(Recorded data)
:::

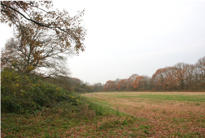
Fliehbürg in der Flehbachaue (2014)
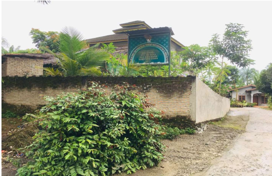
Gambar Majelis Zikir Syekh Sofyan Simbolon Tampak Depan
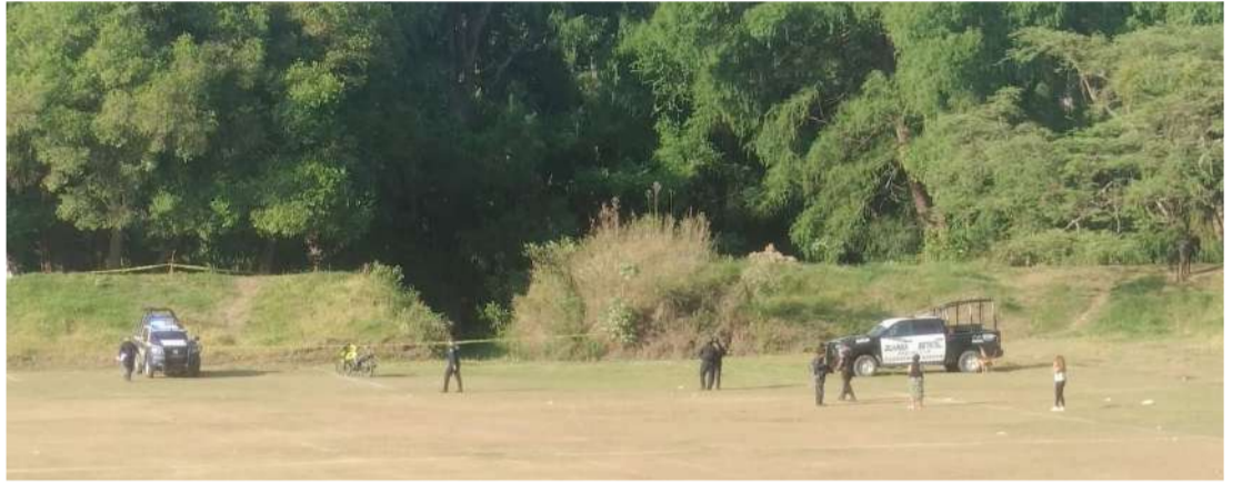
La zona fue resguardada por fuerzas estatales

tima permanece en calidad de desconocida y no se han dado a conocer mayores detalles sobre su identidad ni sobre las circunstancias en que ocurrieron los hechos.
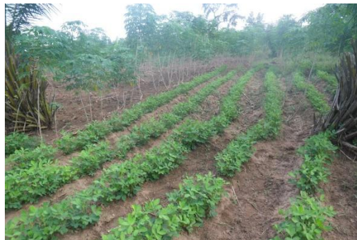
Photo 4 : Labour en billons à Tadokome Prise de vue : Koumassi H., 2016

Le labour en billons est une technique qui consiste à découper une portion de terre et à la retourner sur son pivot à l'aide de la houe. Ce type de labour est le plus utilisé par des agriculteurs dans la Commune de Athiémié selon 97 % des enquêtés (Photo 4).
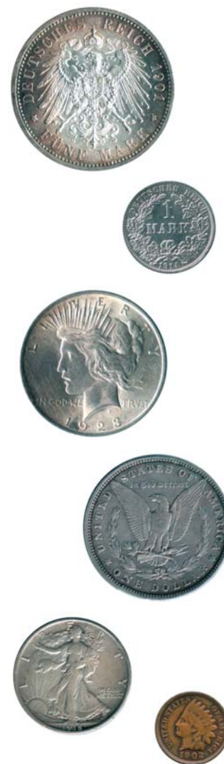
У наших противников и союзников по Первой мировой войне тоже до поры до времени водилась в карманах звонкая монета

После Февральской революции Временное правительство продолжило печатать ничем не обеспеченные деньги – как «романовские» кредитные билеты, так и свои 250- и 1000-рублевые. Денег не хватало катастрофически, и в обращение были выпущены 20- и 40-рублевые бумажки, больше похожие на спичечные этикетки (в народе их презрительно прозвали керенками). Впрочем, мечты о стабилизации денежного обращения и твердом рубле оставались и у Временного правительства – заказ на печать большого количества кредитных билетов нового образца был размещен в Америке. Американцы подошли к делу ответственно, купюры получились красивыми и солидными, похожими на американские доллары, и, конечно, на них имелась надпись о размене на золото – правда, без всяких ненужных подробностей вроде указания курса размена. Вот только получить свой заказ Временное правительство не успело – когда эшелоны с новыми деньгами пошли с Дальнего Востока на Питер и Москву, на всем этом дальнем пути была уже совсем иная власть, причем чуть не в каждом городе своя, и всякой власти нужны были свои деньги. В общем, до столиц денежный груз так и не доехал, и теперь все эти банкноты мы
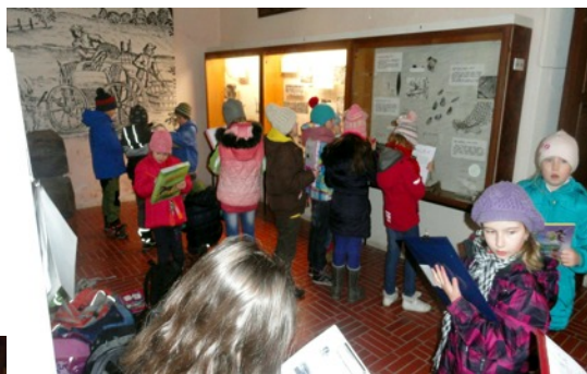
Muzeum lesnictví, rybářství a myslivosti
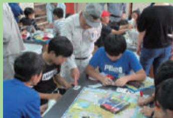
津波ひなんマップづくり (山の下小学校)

:::

**Work order**
Above are records with pictures; repeat the records exactly and leave the pictures out.

**Worked solution**
Fliehbürg in der Flehbachaue (2014)
Gambar Majelis Zikir Syekh Sofyan Simbolon Tampak Depan
La zona fue resguardada por fuerzas estatales

tima permanece en calidad de desconocida y no se han dado a conocer mayores detalles sobre su identidad ni sobre las circunstancias en que ocurrieron los hechos.
Photo 4 : Labour en billons à Tadokome Prise de vue : Koumassi H., 2016

Le labour en billons est une technique qui consiste à découper une portion de terre et à la retourner sur son pivot à l'aide de la houe. Ce type de labour est le plus utilisé par des agriculteurs dans la Commune de Athiémié selon 97 % des enquêtés (Photo 4).
У наших противников и союзников по Первой мировой войне тоже до поры до времени водилась в карманах звонкая монета

После Февральской революции Временное правительство продолжило печатать ничем не обеспеченные деньги – как «романовские» кредитные билеты, так и свои 250- и 1000-рублевые. Денег не хватало катастрофически, и в обращение были выпущены 20- и 40-рублевые бумажки, больше похожие на спичечные этикетки (в народе их презрительно прозвали керенками). Впрочем, мечты о стабилизации денежного обращения и твердом рубле оставались и у Временного правительства – заказ на печать большого количества кредитных билетов нового образца был размещен в Америке. Американцы подошли к делу ответственно, купюры получились красивыми и солидными, похожими на американские доллары, и, конечно, на них имелась надпись о размене на золото – правда, без всяких ненужных подробностей вроде указания курса размена. Вот только получить свой заказ Временное правительство не успело – когда эшелоны с новыми деньгами пошли с Дальнего Востока на Питер и Москву, на всем этом дальнем пути была уже совсем иная власть, причем чуть не в каждом городе своя, и всякой власти нужны были свои деньги. В общем, до столиц денежный груз так и не доехал, и теперь все эти банкноты мы
Muzeum lesnictví, rybářství a myslivosti
津波ひなんマップづくり (山の下小学校)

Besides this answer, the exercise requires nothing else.